You know, the free one that they gave me with my expensive computer way, way, way back in July! I finally set it up seven months later so I can print documents without having to convert the file, save it to a flash drive, drive 40 miles, and wait in line for a working computer.
So i can print out all my rambles (not these, the other abstract ones, roughly in essay form, about the college literature) and give them to my peers to review in class tomorrow, and they will tell me how brilliant the writing is but that its patent subjectivity places it completely outside the parameters of the assignment. And they will write in purple pen, because honors students have been properly warned about the possible psychological danger (to the recipient) of using a red pen to give criticism on a school paper.
I actually know none of this for certain (save the part about the working printer, though who knows how long that will last?). I rarely jump to the same conclusions about my 3-a.m. essays as other people do. Last year I wrote a five-page essay on the pros and cons of living life as a short person. I prefaced this essay with three-quarters of a page about stratus clouds, including one very bad pun that made for a horrifically fabricated segue with possibly abused italics. My entire class thought it was a brilliant opener. Four hours later, I thought it was nonsense, even if the rest of the essay was pretty decent.
I have Parmesan cheese stuck between my teeth, because I just ate about four ounces of it. I hope all the expensive protein is worth it.
I keep writing these things ("things" meaning all the rambles of my mind in the middle of the night) down, because I hope that insomnia creates something worthwhile. I think that insomnia makes me a lot of who I am. i used to dream about archaeologists someday discovering the lost civilization of Kalamazoo, and my journals would become the definitive source of history for the early 21st century.

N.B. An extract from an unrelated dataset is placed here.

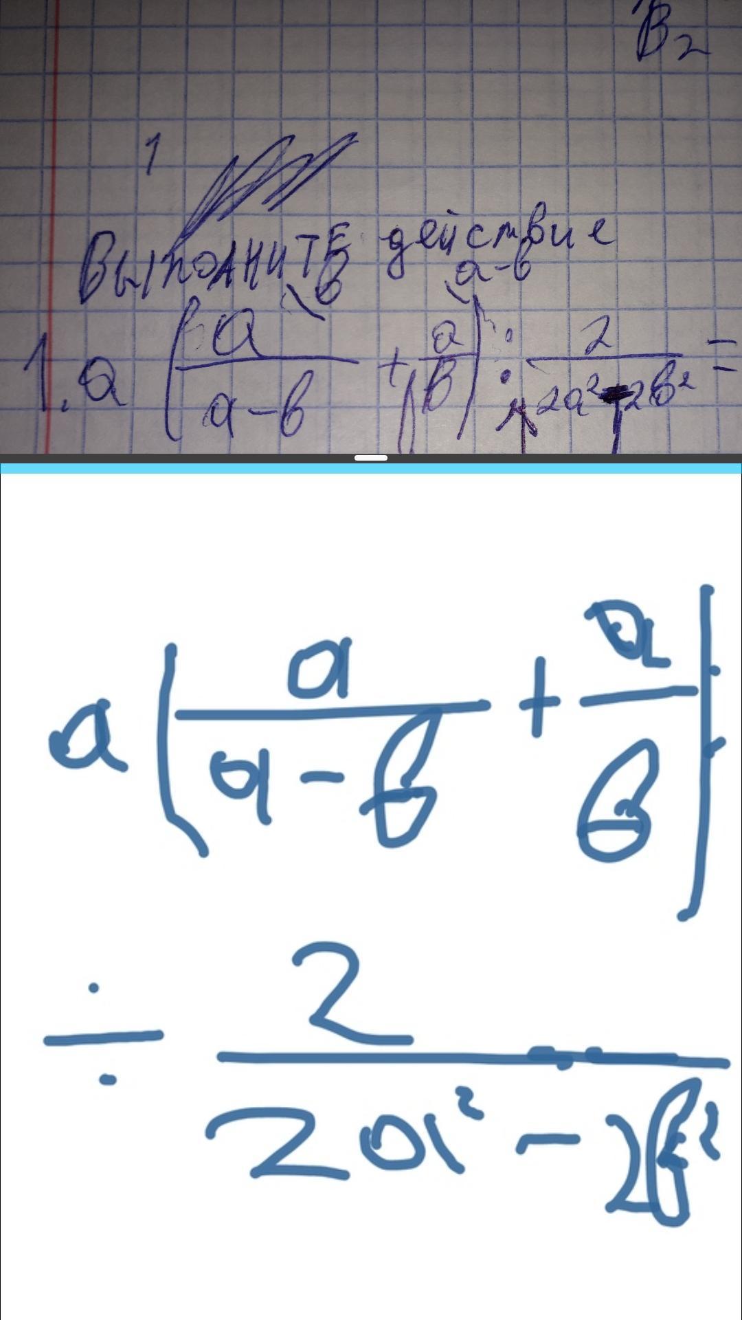 a( frac{a}{a - b}  +  frac{a}{b} ) div  frac{2}{2a {}^{2} - 2b {}^{2}  }  =frac{a {}^{4}   +  a {}^{3}b }{b}  \ 1) :  :  :  : frac{a}{a - b}   +  frac{a}{b} =  frac{ab + a(a - b)}{b(a - b)}  =  frac{ab + a {}^{2}  - ab}{ba - b {}^{2} } =  frac{  a {}^{2} }{ba - b {}^{2} }    \ 2)a times frac{a {}^{2} }{ba - b {}^{2} }   =  frac{a times a {}^{2}  }{ba - b {}^{2}}  =  frac{  a {}^{3}  }{ ba - b {}^{2} } \ 3) frac{  a {}^{3}  }{ ba - b {}^{2} }  div frac{2}{2a {}^{2} - 2b {}^{2}  } =  frac{  a {}^{3}  }{ ba - b {}^{2} }  times  frac{2a {}^{2} - 2b {}^{2} }{2}  =    frac{  a {}^{3}  }{ b(a - b) }  times  frac{2(a - b)(a + b)}{2}  =  frac{a {}^{3}(a + b) }{b}  = frac{a {}^{4}   +  a {}^{3}b }{b}

Now…um, I don't think much of that idea (to summarize a lengthy paragraph, which involved my writing a will and someone committing arson, which I decided wasn't worth the effort to translate for the non-Kiersten reader who has staunchly trekked through this post to this point).
If you read this post in its entirety, you win major points. I don't know what sort of points. Not "awesome" points, because that sounds somewhat presumptuous because this post probably isn't that awesome, because my brain is functioning on sleep deprivation and caffeine and English literature (that prosaic fiend that consumes the mind in molehill-to-mountain analysis). (George Orwell would be doing the polka in his grave if he could see me breaking every rule of his seven-page paper on concise writing.) But you are awesome, so perhaps they are just rain check points. Rest assured, you may at some future date be able to cash them in for something awesome.

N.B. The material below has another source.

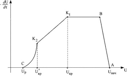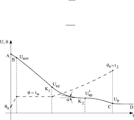 го Uнач до критического Uкр. Температура материала θ в течение всего первого периода соответствует температуре мокрого термометра tм сушильного агента. Во втором периоде (К1С) температура материала повышается до конечной температуры сушильного агента t2, а влагосодержание падает до равновесного Uр и далее не меняется (CD). Если второй период состоит из двух стадий, то выделяется участок равномерно падающей скорости сушки (К1К2) и отмечается второе критическое влагосодержание U'кр. Путем графического дифференцирования кривой сушки, т.е. проведения касательной к ней и определения тангенса угла ее наклона к оси τ (угол α на рисунке 5.1), можно вычислить мгновенную скорость сушки и на основе результатов дифференцирования построить кривую скорости сушки (рисунок 5.2). С

Baaah. I cannot compose poetic gems of wisdom right now, as much I wish I could. But that's already redundant, because I essentially have two concluding paragraphs, whereas Tobias Wolff has none. Is it too subjective to discuss the inferred fratricide/reconciliation results of the ambiguous ending in a plot abstract resolution?
That might be the one sentence I've written all night that I know meant something, even if was something boring.
G'night.
*favorite*
ReplyDeleteP.S. George Orwell's seven pages may attempt to define something and those seven pages most definitely have meaning, but I don't think said definitions or rules need to be heeded. In fact, those are the types of things I read when I'm looking for rules with the sole intention of breaking them in a fantastic way.